Given data ->
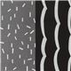 tela de lona en negro y gris con manchitas plateadas metalizadas, rayas, ondas, lunares y guiones
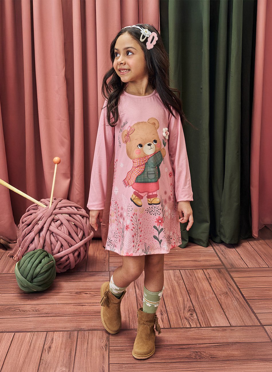 O destaque deste modelo fica por conta da estampa rotativa, que traz um visual alegre e moderno, perfeito para meninas cheias de personalidade. Cada peça é única, pois a estampa pode variar, tornando o vestido ainda mais especial. Além disso, o fechamento nas costas com botão facilita na hora de vestir, garantindo praticidade no dia a dia.
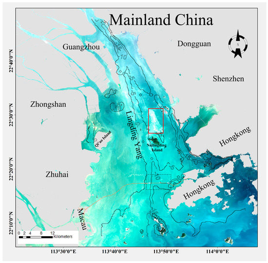 The Pearl River is the second largest river in China after the Yangtze River in terms of volume [1]. The Pearl River is more than 2000 kilometers long, and it passes through several large cities before entering the South China Sea (Figure 1). Lingding Yang is one of the main estuaries of the Pearl River and is approximately 60 km wide, with Hong Kong to the east and Macau to the west. The sediment in Lingding Yang is affected by a number of factors, including the topography, tides, runoff, and human activities [2]. For example, the topography of the three troughs in Lingding Yang has formed the dynamic water environment and produced the increasing trend of suspended sediment concentration from the southeast to the northwest [3]. Lingding Yang has an irregular half-day tide, with two high tides and low tides during the day. The average tidal range is from 0.86~1.63 m, which is categorized as a weak tide estuary, and the M2 sub-tide dominates [4]. The amount of sediment transported by Lingding Yang has a significant seasonal variability due to runoff, with approximately 95% of transport occurring from April to September [5].
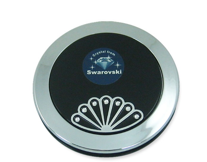 - Damsko ogledalce, precnika 7cm, sa cirkonima, boja crna. dva ogledala, jedno uvelicavajuce 3x. Upakovano u kutiju, sa plisanom vrecicom za drzanje
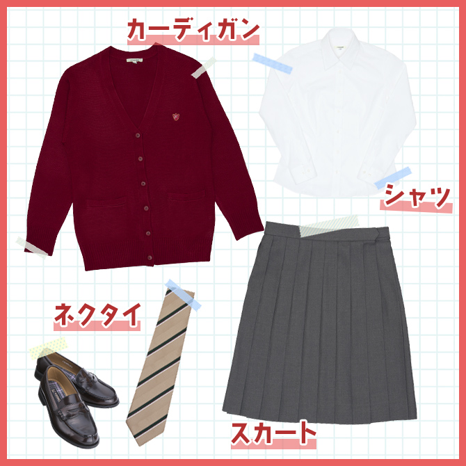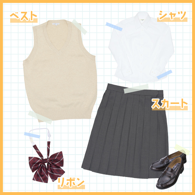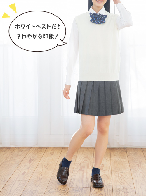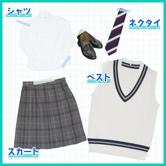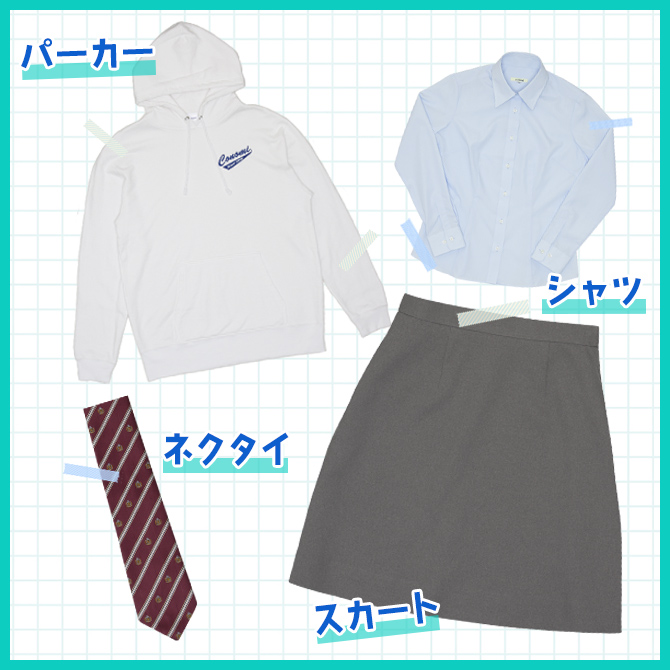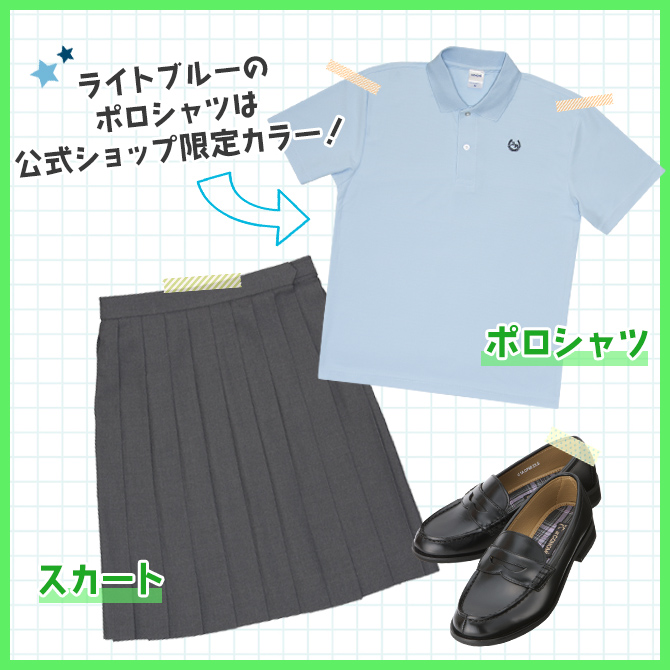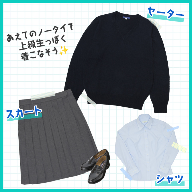 指定制服で履いているコも休日はトップスを変えて制服コーデを楽しんでみてね。

Assigned task ->
There should be an exact restatement of the lines from the line with "- Damsko ogledalce, precnika" through the last line of the entries above, and no pictures in it.

Finished task ->
 - Damsko ogledalce, precnika 7cm, sa cirkonima, boja crna. dva ogledala, jedno uvelicavajuce 3x. Upakovano u kutiju, sa plisanom vrecicom za drzanje
 指定制服で履いているコも休日はトップスを変えて制服コーデを楽しんでみてね。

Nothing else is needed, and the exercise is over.